#### [Dataset content]
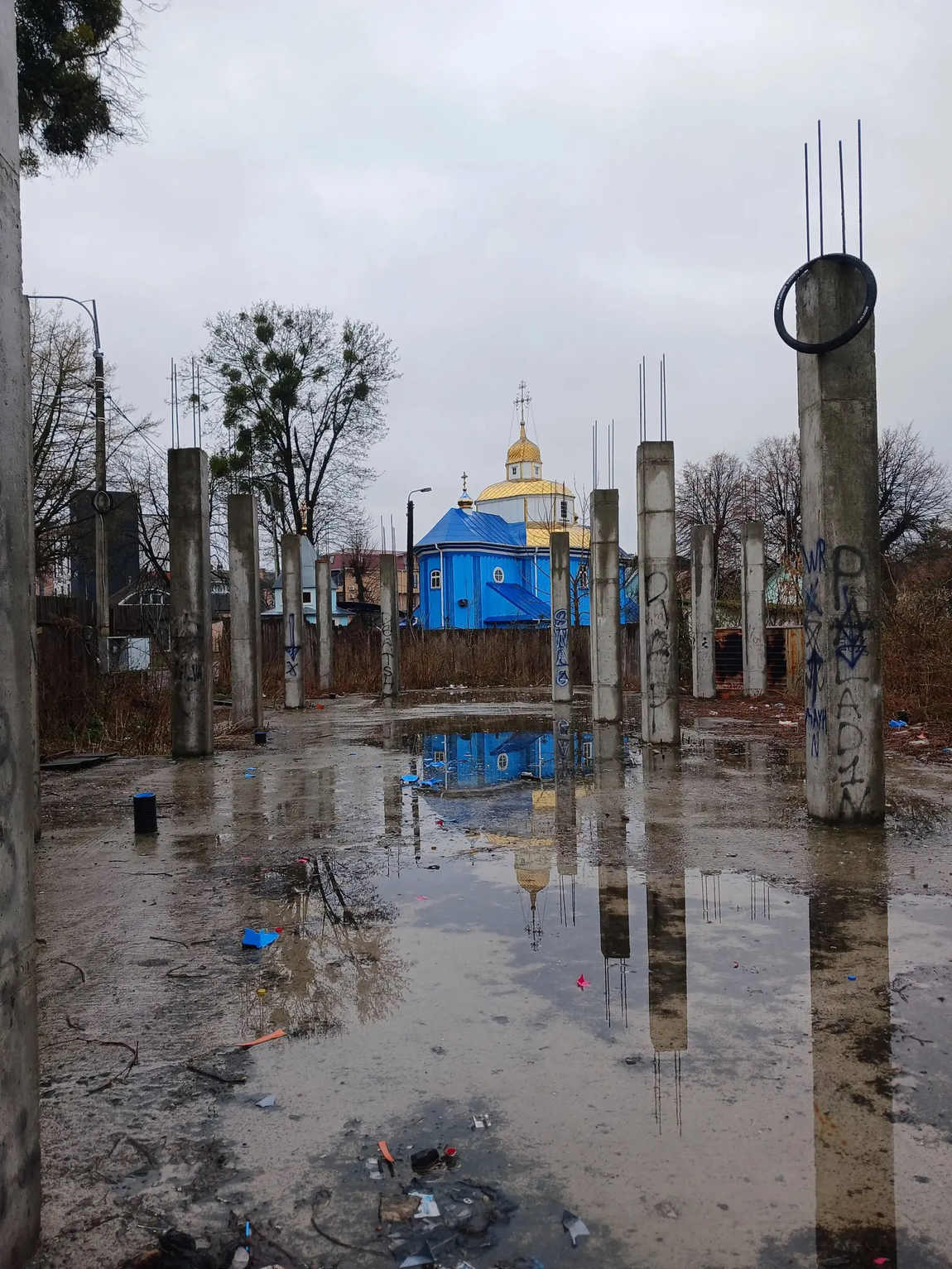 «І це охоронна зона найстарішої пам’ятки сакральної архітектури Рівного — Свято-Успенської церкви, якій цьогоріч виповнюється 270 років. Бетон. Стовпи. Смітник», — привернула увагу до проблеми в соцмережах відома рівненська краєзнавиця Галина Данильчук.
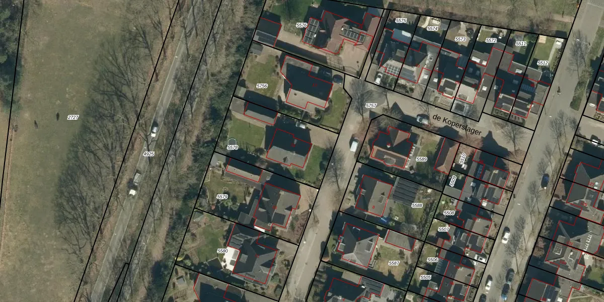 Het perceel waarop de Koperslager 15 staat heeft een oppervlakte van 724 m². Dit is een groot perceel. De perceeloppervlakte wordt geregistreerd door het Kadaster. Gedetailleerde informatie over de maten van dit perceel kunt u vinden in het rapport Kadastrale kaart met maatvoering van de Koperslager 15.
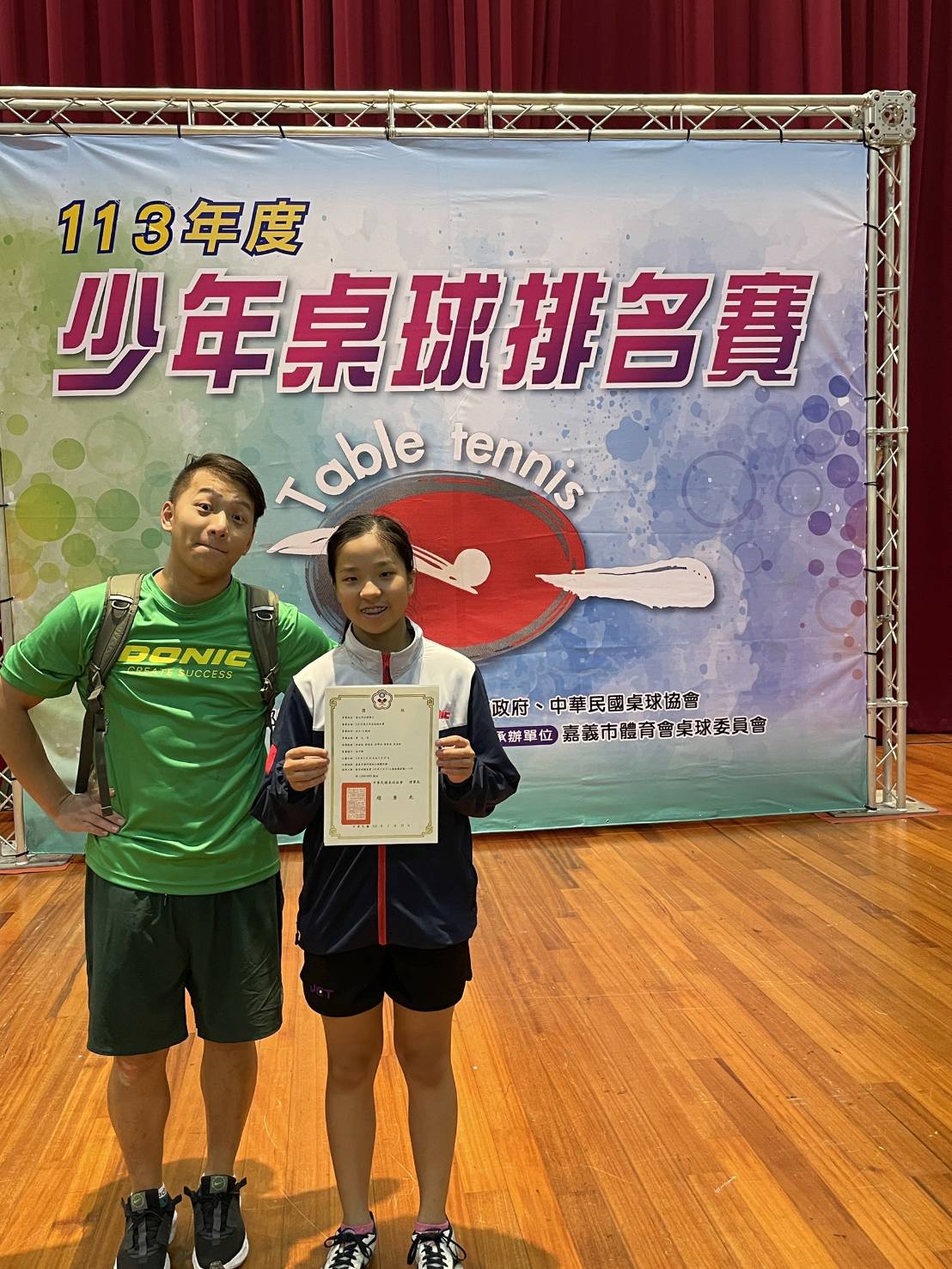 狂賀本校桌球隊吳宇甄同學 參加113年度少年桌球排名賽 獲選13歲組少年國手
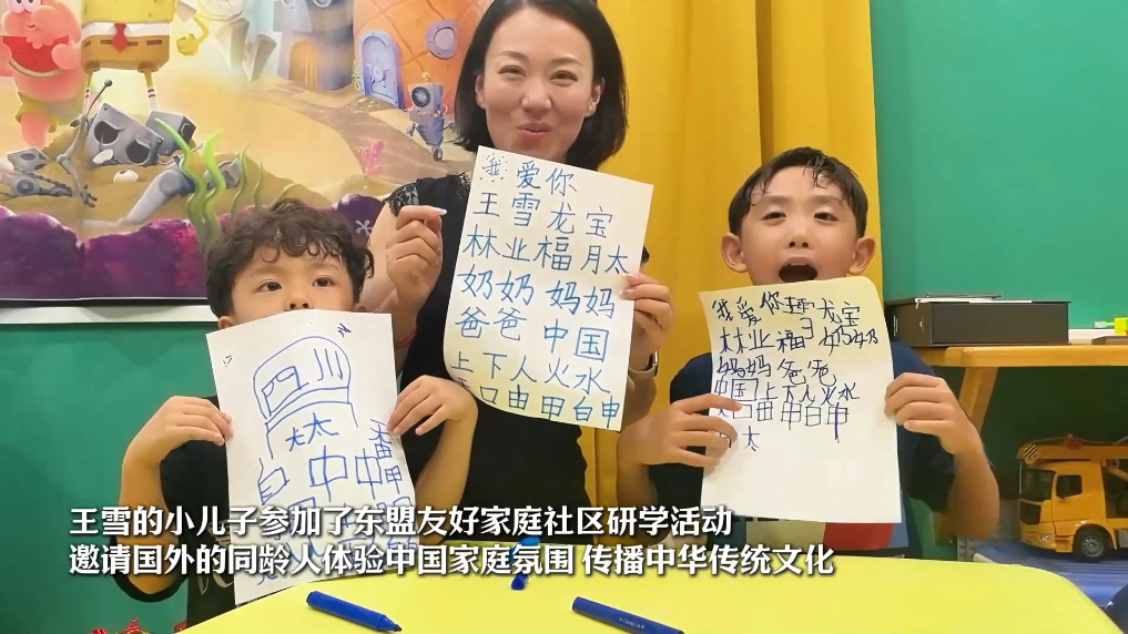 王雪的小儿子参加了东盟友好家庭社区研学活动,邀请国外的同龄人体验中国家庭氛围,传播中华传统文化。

#### [Your objective]
Print out the material word for word, omitting the pictures.

#### [Written answer]
 «І це охоронна зона найстарішої пам’ятки сакральної архітектури Рівного — Свято-Успенської церкви, якій цьогоріч виповнюється 270 років. Бетон. Стовпи. Смітник», — привернула увагу до проблеми в соцмережах відома рівненська краєзнавиця Галина Данильчук.
 Het perceel waarop de Koperslager 15 staat heeft een oppervlakte van 724 m². Dit is een groot perceel. De perceeloppervlakte wordt geregistreerd door het Kadaster. Gedetailleerde informatie over de maten van dit perceel kunt u vinden in het rapport Kadastrale kaart met maatvoering van de Koperslager 15.
 狂賀本校桌球隊吳宇甄同學 參加113年度少年桌球排名賽 獲選13歲組少年國手
 王雪的小儿子参加了东盟友好家庭社区研学活动,邀请国外的同龄人体验中国家庭氛围,传播中华传统文化。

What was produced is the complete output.